Самые храбрые первыми вставали грудью на пути врага и гибли. До боли обидно, порой до слез, но приходилось сжимать зубы и воевать. Хоронить и воевать дальше. Или не хоронить, потому что боевые условия не всегда позволяли подобрать убитых. И это тоже было больно. Эта боль притуплялась, ныла в груди, изматывала, и никак нельзя было привыкнуть к тому, что человека, с которым ты еще вчера в одном окопе мок под рваной плащ-палаткой, прижавшись плечом к плечу, который отдал тебе половину котелка своей каши, тщательно протерев свою ложку, который улыбался ободрительно и курил, поглядывая, как ты жадно ешь, ты тащишь по грязи безжизненным и окровавленным. Смотришь ему в лицо и понимаешь, что это уже труп. Только на войне Алексей осознал чудовищный смысл выражения «больше никогда». Осознал, учась перешагивать через эти слова и идти дальше. Стиснув зубы, глотая душевную боль.
И сейчас, пожимая руку Акимцеву, глядя ему в лицо, он боялся думать о том, что, может быть, видит этого замечательного, умного и мужественного человека в последний раз. Его самого и его солдат – умелых, опытных, зрелых. Но задача перед ними была такой, что большинство автоматчиков и танкистов должны были погибнуть.
Алексей все продумал так, чтобы потери были минимальными, и Акимцев все сделает так, чтобы людей погибло как можно меньше. Но каким будет бой, знать было нельзя. Можно было только предполагать.

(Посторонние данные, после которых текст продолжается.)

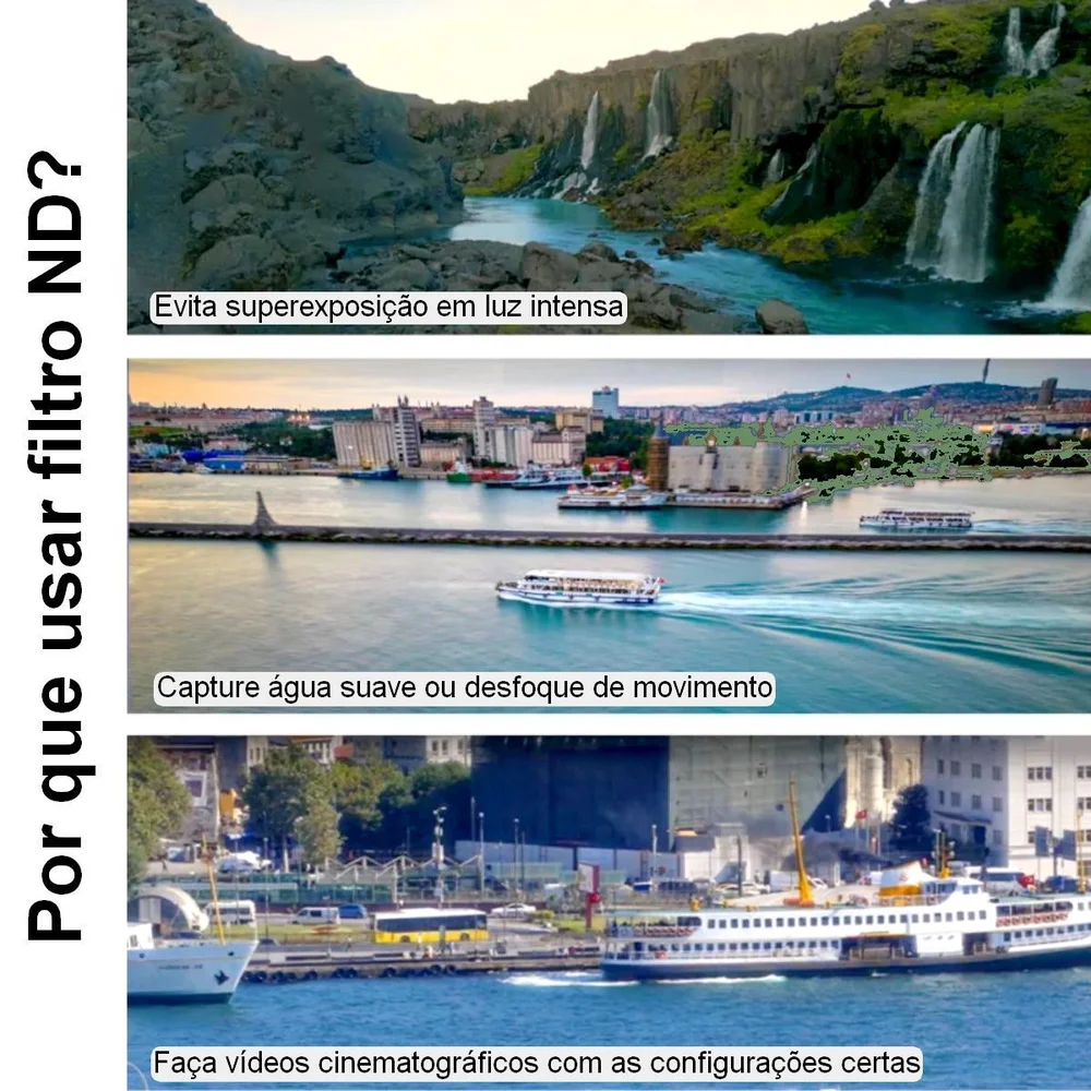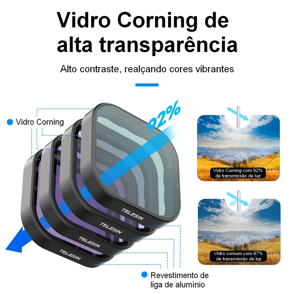 Este kit de filtros ND e CPL da renomada marca Telesin, consiste em 4 filtros de densidade neutra (ND8, ND16, ND32 e ND64), que reduzem a quantidade de luz visível que entra na lente, permitindo ao usuário utilizar aberturas mais amplas ou velocidades mais lentas do obturador, especialmente em condições de muita luz. E ainda acompanha um filtro CPL (polarizador), que têm como principais funções eliminar a luz não metálica refletida e que pode acabar prejudicando as imagens, aumentar a concentração de cores para realçar o azul do céu, destacar as nuvens brancas e tornar a imagem mais bonitas. Também consegue melhorar a claridade das imagens e criar fotos e vídeos mais expressivos e vívidos. É frequentemente usado para fazer imagens através de vidro, água e cenários subaquáticos.

Солнце клонилось к лесу к западу от моста. Оттуда по накатанной проселочной дороге вышли два танка. Немецкий наблюдатель даже не сразу понял, что это – танки, башни которых накрыты брезентом, или тягачи. Если под брезентом танковые башни, то они имеют какую-то странную форму. Может быть, это группа водолазов, которую хотели вызвать для обследования дна реки? Кто-то решил не рисковать и наводить понтонную переправу ниже по течению.
– Господин обер-лейтенант, посмотрите! – Солдат показал рукой на дорогу. – Они двигаются к мосту.
Немецкий офицер приложил к глазам бинокль. Две гусеничные машины шли на небольшой скорости в сторону моста по грунтовой дороге. Одна из них тянула на буксире русский танк с повернутой назад пушкой. Что это? Тягачи? Русские тягачи тянут неисправный танк. Но тягачи какие-то странные. Верхняя их часть закрыта брезентом. Из-под брезента не торчит ствол пушки. Какая-то хитрость русских? Нелепое зрелище! На нападение это как-то не похоже.
– Что это, господин обер-лейтенант? – спросил солдат. – Новые русские танки? Или разновидность их реактивных минометов? Идут без охраны и тащат за собой танк. А если это и вправду их реактивные минометы? Тогда мы сможем получить за них награду!
– Связь, – коротко приказал офицер.
Положив бинокль и продолжая наблюдать за странными машинами, офицер взял трубку полевого телефона.
– Карл, ты видишь это? – спросил обер-лейтенант командира своего танка.
– Так точно. Это русские танки, – отозвался танкист. – Прикажете подбить их? Через несколько минут они будут у меня на прицеле.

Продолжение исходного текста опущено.